Koch (Warenburg-2)*

Spelling Variations: 
Koch (Warenburg-2)*
Кохъ (Warenburg-2)*
Кухъ
Settled in the Following Colonies: 
Discussion & Documentation: 

Johann Georg Koch, a brewer (Bierbrauer), his wife Katharina, and [step-]son Johann Heinrich (age 7) arrived from Lübeck at the port of Oranienbaum on 15 June 1766 aboard the ship Die Vergelte Weintraube under the command of Skipper Anderson.

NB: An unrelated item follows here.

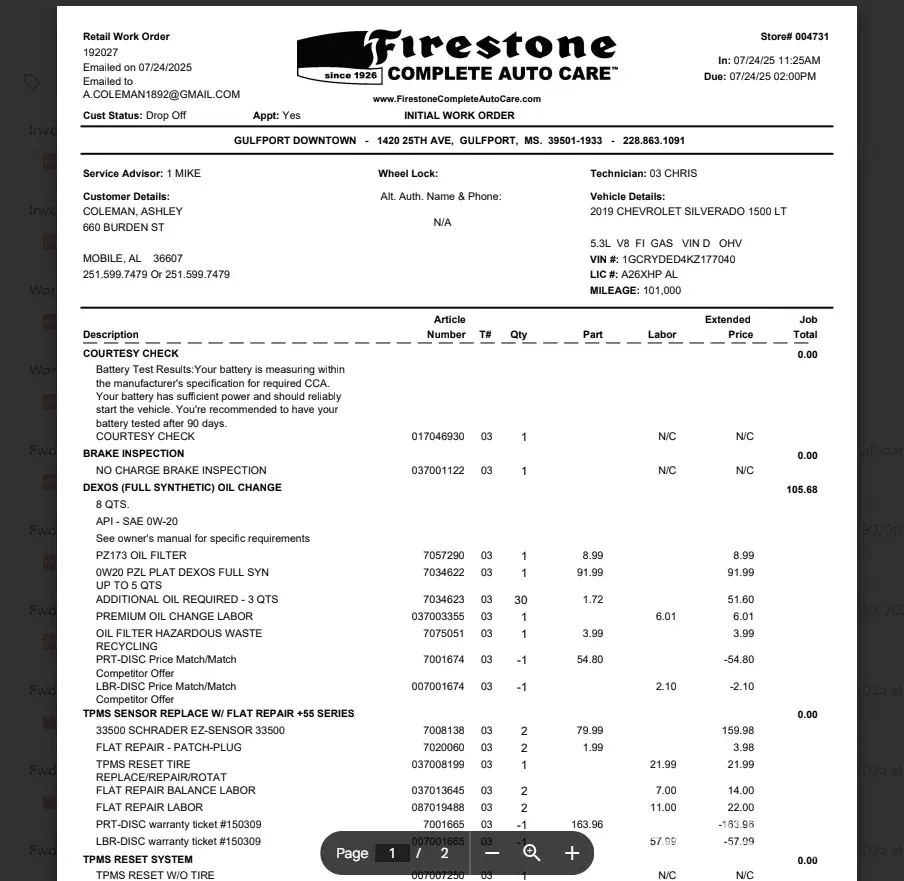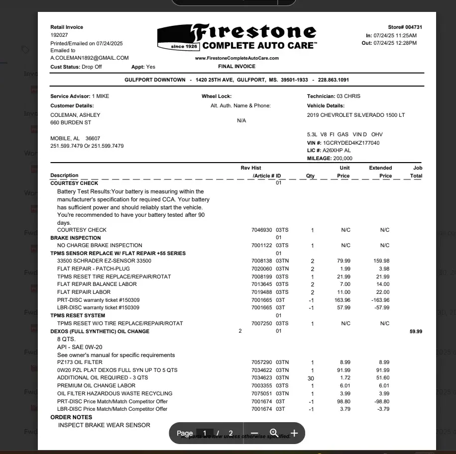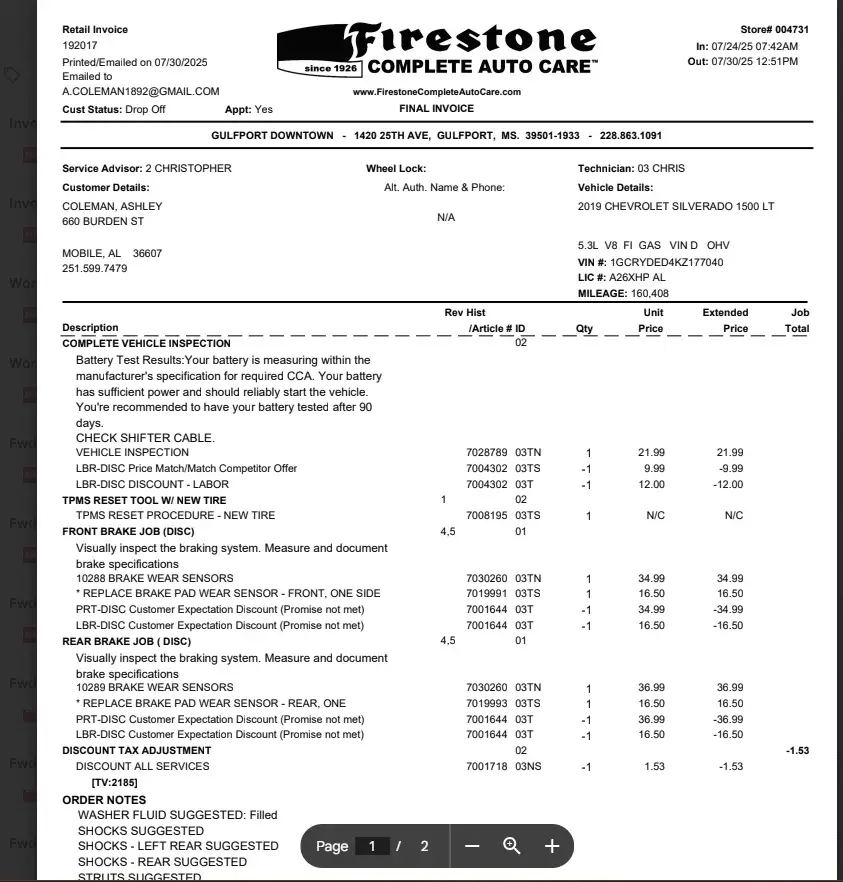 I prefer to leave reviews praising the businesses I use but sometimes you must caution other customers or potential customers by informing them of your experience. This was mine on July 25th, 2025, and why I will not be returning or suggesting this Firestone anymore. The prior Wednesday I noticed the front tires on my truck were wearing on the edge and...

Johann Georg Koch, his wife Katharina, and stepson Johann Heinrich Nissen [sic] (age 8) are recorded on the 1767 census of Warenburg in Household No. 37. They had settled there on 12 May 1767.

Widower Johann Georg Kuch [sic] and his stepson Johann Heinrich Nies [sic] are recorded on the 1798 census of Warenburg in Household No. Wr115.

The death of Johann Georg Kuch [sic] in 1799 is recorded on the 1811 census of Warenburg in Household No. 115.

The 1767 census records that Johann Georg Koch came from the German village of Perling... [?] in the Schwaben (Swabia) region.

There are no known surviving male lines of this Koch family among the Volga German colonies.

Sources: 

- 1811 Warenburg Census (Household No. 115).
- Mai, Brent Alan. 1798 Census of the German Colonies along the Volga: Economy, Population, and Agriculture (Lincoln, NE: American Historical Society of Germans from Russia, 1999): Wr115.
- Pleve, Igor. Einwanderung in das Wolgagebiet, 1764-1767 Band 4 (Göttingen: Der Göttinger Arbeitskreis, 2008): 327.
- Pleve, Igor. Lists of Colonists to Russia in 1766: Reports by Ivan Kulberg (Saratov: Saratov State Technical University, 2010): #780.